EXERCISE: Leave out every picture and set down, exactly, the lines below from the one holding "These are vintage-inspired, rustic" up to and including the one holding "4月19日晚,*ST长动公告".

*** Opening MATERIAL TO PROCESS ***

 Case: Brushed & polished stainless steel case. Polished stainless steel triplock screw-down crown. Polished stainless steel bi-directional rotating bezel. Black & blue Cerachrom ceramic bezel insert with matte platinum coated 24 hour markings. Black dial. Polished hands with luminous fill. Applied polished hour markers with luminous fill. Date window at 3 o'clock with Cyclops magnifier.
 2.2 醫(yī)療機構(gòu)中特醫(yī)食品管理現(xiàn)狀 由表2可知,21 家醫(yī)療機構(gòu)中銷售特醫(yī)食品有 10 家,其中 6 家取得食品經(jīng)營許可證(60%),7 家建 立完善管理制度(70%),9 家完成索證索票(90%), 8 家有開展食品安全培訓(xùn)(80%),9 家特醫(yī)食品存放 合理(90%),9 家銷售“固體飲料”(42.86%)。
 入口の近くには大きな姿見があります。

*** Closing MATERIAL TO PROCESS ***
*** Opening MATERIAL TO PROCESS ***

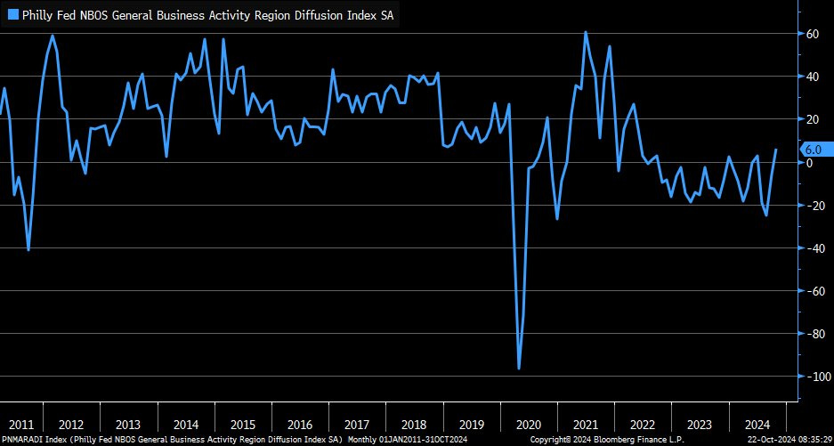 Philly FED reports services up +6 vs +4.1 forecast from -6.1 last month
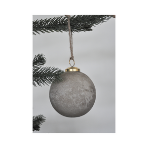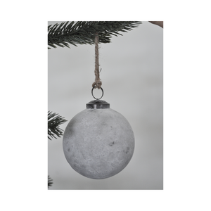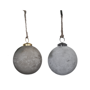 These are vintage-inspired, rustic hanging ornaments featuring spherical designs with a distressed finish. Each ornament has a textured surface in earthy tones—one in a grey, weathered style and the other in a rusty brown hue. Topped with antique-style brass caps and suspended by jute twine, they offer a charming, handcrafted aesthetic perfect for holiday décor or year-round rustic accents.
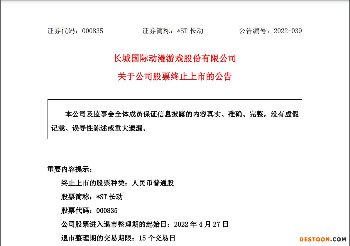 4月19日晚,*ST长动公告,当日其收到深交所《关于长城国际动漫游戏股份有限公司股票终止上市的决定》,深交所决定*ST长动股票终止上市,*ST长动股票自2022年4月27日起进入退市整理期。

*** Closing MATERIAL TO PROCESS ***

EXPECTED OUTPUT:
 These are vintage-inspired, rustic hanging ornaments featuring spherical designs with a distressed finish. Each ornament has a textured surface in earthy tones—one in a grey, weathered style and the other in a rusty brown hue. Topped with antique-style brass caps and suspended by jute twine, they offer a charming, handcrafted aesthetic perfect for holiday décor or year-round rustic accents.
 4月19日晚,*ST长动公告,当日其收到深交所《关于长城国际动漫游戏股份有限公司股票终止上市的决定》,深交所决定*ST长动股票终止上市,*ST长动股票自2022年4月27日起进入退市整理期。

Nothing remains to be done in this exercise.